▶ EXERCISE
Could you restate all of the records exactly, leaving out the pictures?

▶ RECORDS SHOWN
-- -- --
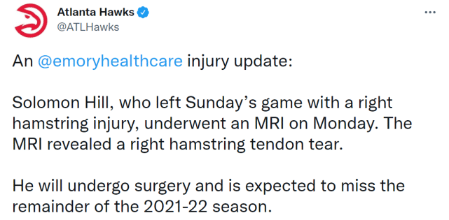 所罗门-希尔在对黄蜂一战中受伤。医学专家Evan Jeffries提到希尔的伤情时写道:“所罗门-希尔遭遇了一次罕见的腿筋肌腱三级撕裂,这需要手术治疗,腿筋肌腱从坐骨结节处撕裂,康复期可能是6-9个月。”
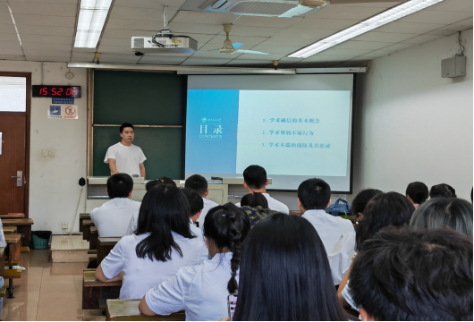 学术诚信主题分享会伊始,姚权州同学首先以学术诚信的基本概念及主要内容为切入点,让同学们对于学术诚信和学术道德有了基础的认识;随后,向大家准确解释学术不端行为,并通过生动形象的视频对七种学术不端行为、学术不端的预防以及惩戒做了细致全面的讲解。最后,引用“天津高校硕士论文抄袭”、“天大厦大两硕士论文雷同“等由于学术诚信缺失而造成严重后果的案例,警戒同学们在今后的学术生涯中务必要遵守学术规范,自觉抵制学术造假行为。
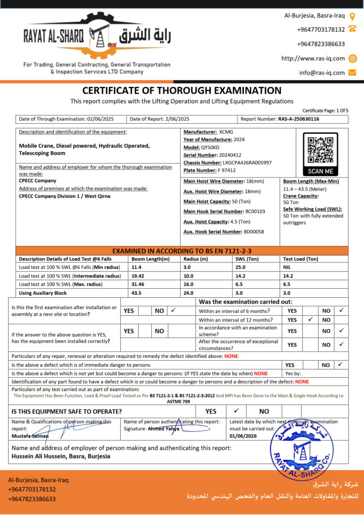 LIFTING INSPECTION
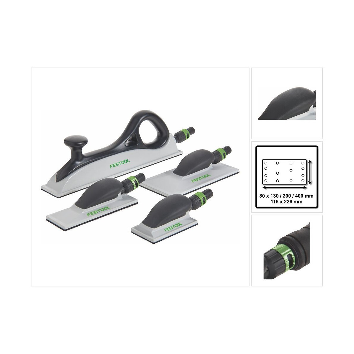 Contenu du paquet : - 1x Cale de ponçage Festool HSK-A 80x130 - 1x Cale de ponçage Festool HSK-A 80x200 - 1x Cale de ponçage Festool HSK-A 80x400 - 1x Cale de ponçage Festool HSK-A 115x226 - 4x Adaptateurs pour tuyau Festool - 4x Adaptateurs Festool bypass Description du produit: Le set de cales de ponçage HSK-A-Set de Festool comprend quatre cales de ponçage pour différentes applications. Leurs bandes abrasives Festool StickFix de 80 x 133 mm, 80 x 400 mm et 115 x 228 mm sont très maniables. Chacune d'elle est équipée d'un dispositif lui permettant d'aspirer directement les poussières de ponçage à l'aide des adaptateurs pour tuyau Festool standard. Les adaptateurs bypass inclus permettent un réglage continu de sa puissance d'aspiration. Ces cales de ponçage sont parfaites pour le ponçage manuel des surfaces ou d'arrondis. Grâce à leurs dispositifs d'aspiration, il est également possible de réaliser des travaux de ponçage prolongés. En résumé : ces cales de ponçage sont conçues pour tous les travaux de ponçage, du ponçage dégrossissant au ponçage intermédiaire en passant par le ponçage de finition. Festool est un fabricant d'outils électriques dont la réputation n'est plus à démontrer et qui se distingue par ses hauts standards de qualité. Spécifications techniques : Fabricant : Festool Numéro du fabricant : 497101 Désignation du fabricant : HSK-A-Set Dimensions : 80 x 400 mm / 80 x 200 mm / 80 x 130 mm / 115 x 226 mm Compatibilité : Bandes abrasives Festool STF 80x400 / STF 80x133 / STF 115x228
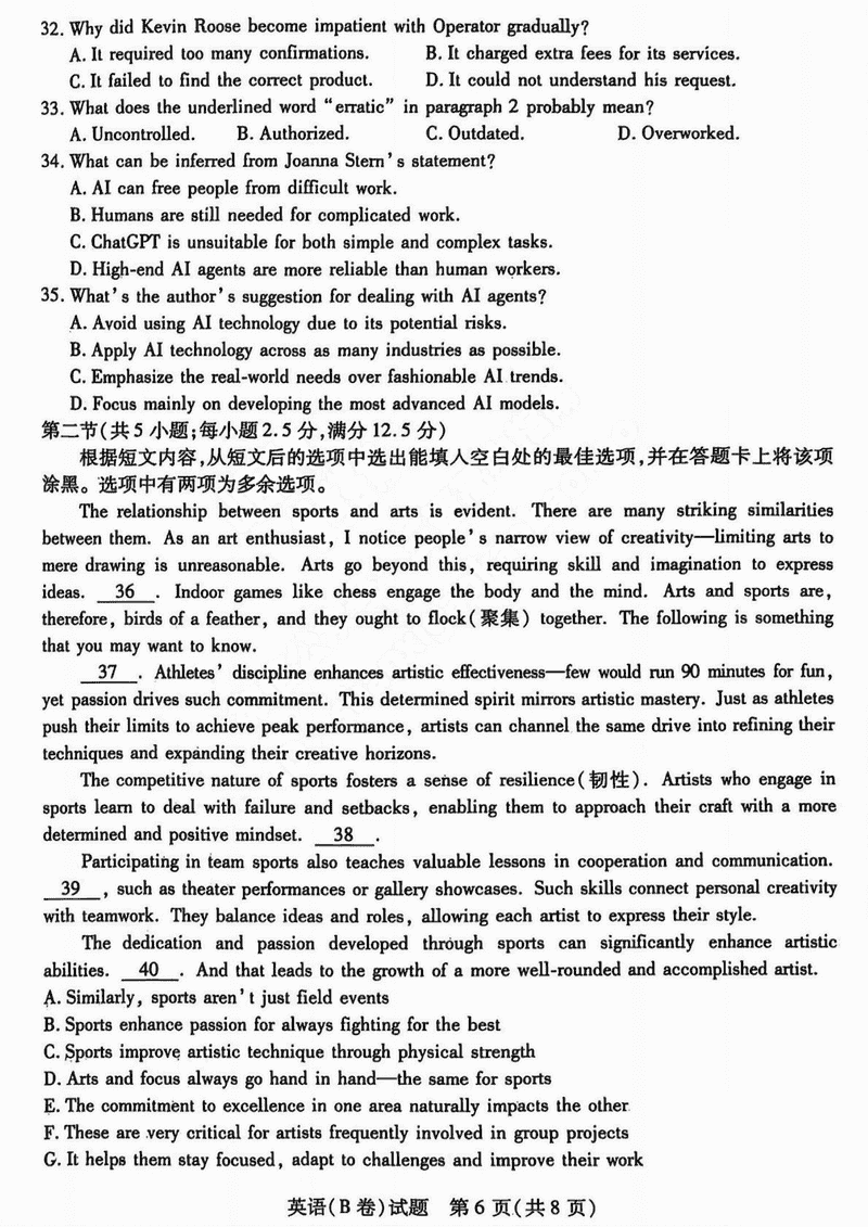 晋中三模2025年5月高考适应训练英语试题及答案 时间:2025-05-12 山西 英语试题 晋中三模2025年5月高考适应训练英语考试已于近日开考,为方便考生考后及时查看考试情况,查漏补缺、弥补不足,本文整理了试题答案解析相关信息! 汇总:晋中三模2025年5月高考适应训练考试试题及答案汇总 英语试题及答案解析
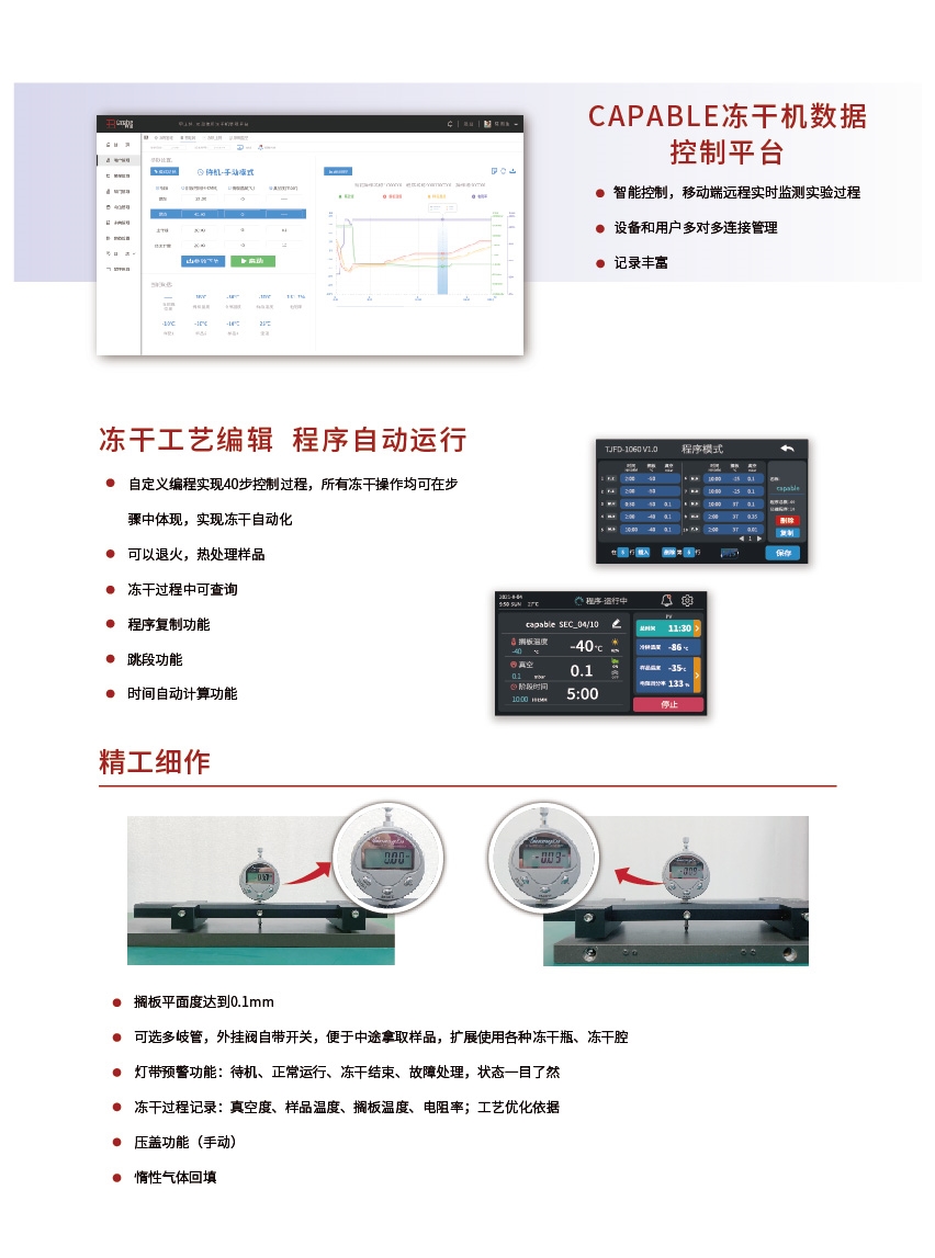 ●先进的TPIN (FD-1060)冻干专用控制系统,配合共品点测量、样品温度、真空度实时检测,保证冻干质量
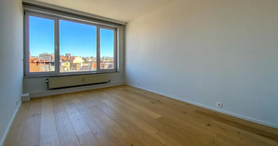 LOUE - Avenue de la Chasse 94, à proximité de Mérode, de la Chasse, des commerces et des transports en communs, Au 6ème étage, superbe appartement 2ch rénové en 2015. Calme, lumineux, parquet partout et offrant : hall d'entrée avec wc séparé, un superbe living très spacieux (+/- 45m2), une cuisine US hyper-équipée, deux chambres (+/- 15 - 11m2), une salle de bains, une buanderie (avec machines à laver/sécher). Cave. PEB (E). Double vitrage. Charges : 150eur/mois (chauffage, eau, communs, conciergerie). Libre immédiatement.
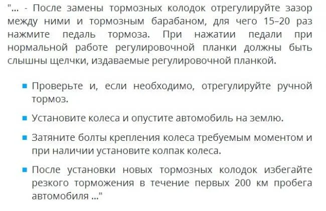 Вот выдержка из мануала по замене задних тормозных колодок барабанного типа. Если это ваши тормоза(я имею ввиду барабаны), то может вы что-то ещё не доделали?
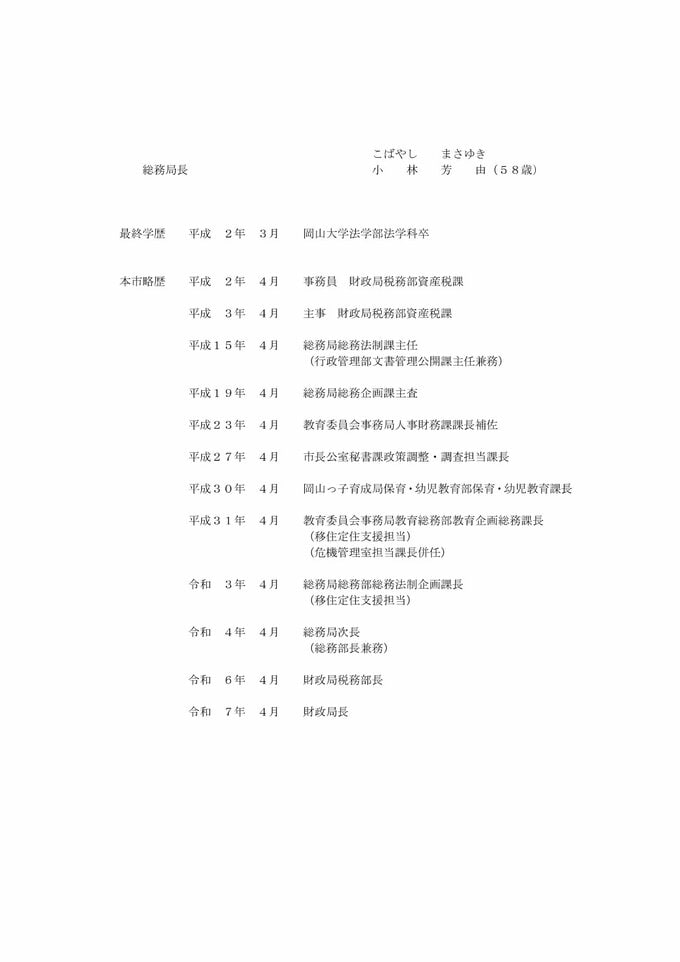 岡山市職員人事異動速報(2026年4月1日付)「“わくわくする”桃太郎のまち岡山」の実現に向け【名簿一覧掲載・検索】 RSK山陽放送 2026年3月24日(火) 11:41 国内 経歴 小林 芳由 氏 名簿などを画像一覧でみる
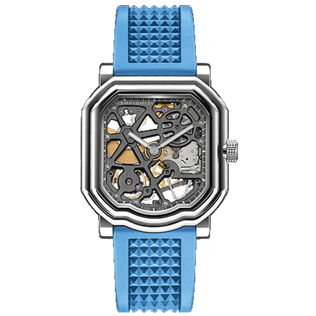 The new Maestro 8.0 Squelette is a watch that combines Mr. Genta’s unmistakable Maestro case shape with an extraordinary and unique open-worked movement that truly celebrates the 'art' of the mechanical watch. This new and unique in-house manufacture ultra-thin automatic movement has been developed with Vaucher Manufacture Fleurier exclusively for Gerald Charles, under the creative direction of the contemporary watch designer Mr. Octavio Garcia. The case of the Maestro GC 8.0 Squelette is based on the Maestro 2.0 Ultra-Thin model, and it has been slimmed down to 8.35mm, to enhance the watch’s ergonomics further and push elegance and performance to their limits. As with every Gerald Charles watch, a screw-down crown ensures the Maestro 8.0 Squelette is water-resistant to an impressive 100 metres
-- -- --
▶ OUTPUT
 所罗门-希尔在对黄蜂一战中受伤。医学专家Evan Jeffries提到希尔的伤情时写道:“所罗门-希尔遭遇了一次罕见的腿筋肌腱三级撕裂,这需要手术治疗,腿筋肌腱从坐骨结节处撕裂,康复期可能是6-9个月。”
 学术诚信主题分享会伊始,姚权州同学首先以学术诚信的基本概念及主要内容为切入点,让同学们对于学术诚信和学术道德有了基础的认识;随后,向大家准确解释学术不端行为,并通过生动形象的视频对七种学术不端行为、学术不端的预防以及惩戒做了细致全面的讲解。最后,引用“天津高校硕士论文抄袭”、“天大厦大两硕士论文雷同“等由于学术诚信缺失而造成严重后果的案例,警戒同学们在今后的学术生涯中务必要遵守学术规范,自觉抵制学术造假行为。
 LIFTING INSPECTION
 Contenu du paquet : - 1x Cale de ponçage Festool HSK-A 80x130 - 1x Cale de ponçage Festool HSK-A 80x200 - 1x Cale de ponçage Festool HSK-A 80x400 - 1x Cale de ponçage Festool HSK-A 115x226 - 4x Adaptateurs pour tuyau Festool - 4x Adaptateurs Festool bypass Description du produit: Le set de cales de ponçage HSK-A-Set de Festool comprend quatre cales de ponçage pour différentes applications. Leurs bandes abrasives Festool StickFix de 80 x 133 mm, 80 x 400 mm et 115 x 228 mm sont très maniables. Chacune d'elle est équipée d'un dispositif lui permettant d'aspirer directement les poussières de ponçage à l'aide des adaptateurs pour tuyau Festool standard. Les adaptateurs bypass inclus permettent un réglage continu de sa puissance d'aspiration. Ces cales de ponçage sont parfaites pour le ponçage manuel des surfaces ou d'arrondis. Grâce à leurs dispositifs d'aspiration, il est également possible de réaliser des travaux de ponçage prolongés. En résumé : ces cales de ponçage sont conçues pour tous les travaux de ponçage, du ponçage dégrossissant au ponçage intermédiaire en passant par le ponçage de finition. Festool est un fabricant d'outils électriques dont la réputation n'est plus à démontrer et qui se distingue par ses hauts standards de qualité. Spécifications techniques : Fabricant : Festool Numéro du fabricant : 497101 Désignation du fabricant : HSK-A-Set Dimensions : 80 x 400 mm / 80 x 200 mm / 80 x 130 mm / 115 x 226 mm Compatibilité : Bandes abrasives Festool STF 80x400 / STF 80x133 / STF 115x228
 晋中三模2025年5月高考适应训练英语试题及答案 时间:2025-05-12 山西 英语试题 晋中三模2025年5月高考适应训练英语考试已于近日开考,为方便考生考后及时查看考试情况,查漏补缺、弥补不足,本文整理了试题答案解析相关信息! 汇总:晋中三模2025年5月高考适应训练考试试题及答案汇总 英语试题及答案解析
 ●先进的TPIN (FD-1060)冻干专用控制系统,配合共品点测量、样品温度、真空度实时检测,保证冻干质量
 LOUE - Avenue de la Chasse 94, à proximité de Mérode, de la Chasse, des commerces et des transports en communs, Au 6ème étage, superbe appartement 2ch rénové en 2015. Calme, lumineux, parquet partout et offrant : hall d'entrée avec wc séparé, un superbe living très spacieux (+/- 45m2), une cuisine US hyper-équipée, deux chambres (+/- 15 - 11m2), une salle de bains, une buanderie (avec machines à laver/sécher). Cave. PEB (E). Double vitrage. Charges : 150eur/mois (chauffage, eau, communs, conciergerie). Libre immédiatement.
 Вот выдержка из мануала по замене задних тормозных колодок барабанного типа. Если это ваши тормоза(я имею ввиду барабаны), то может вы что-то ещё не доделали?
 岡山市職員人事異動速報(2026年4月1日付)「“わくわくする”桃太郎のまち岡山」の実現に向け【名簿一覧掲載・検索】 RSK山陽放送 2026年3月24日(火) 11:41 国内 経歴 小林 芳由 氏 名簿などを画像一覧でみる
 The new Maestro 8.0 Squelette is a watch that combines Mr. Genta’s unmistakable Maestro case shape with an extraordinary and unique open-worked movement that truly celebrates the 'art' of the mechanical watch. This new and unique in-house manufacture ultra-thin automatic movement has been developed with Vaucher Manufacture Fleurier exclusively for Gerald Charles, under the creative direction of the contemporary watch designer Mr. Octavio Garcia. The case of the Maestro GC 8.0 Squelette is based on the Maestro 2.0 Ultra-Thin model, and it has been slimmed down to 8.35mm, to enhance the watch’s ergonomics further and push elegance and performance to their limits. As with every Gerald Charles watch, a screw-down crown ensures the Maestro 8.0 Squelette is water-resistant to an impressive 100 metres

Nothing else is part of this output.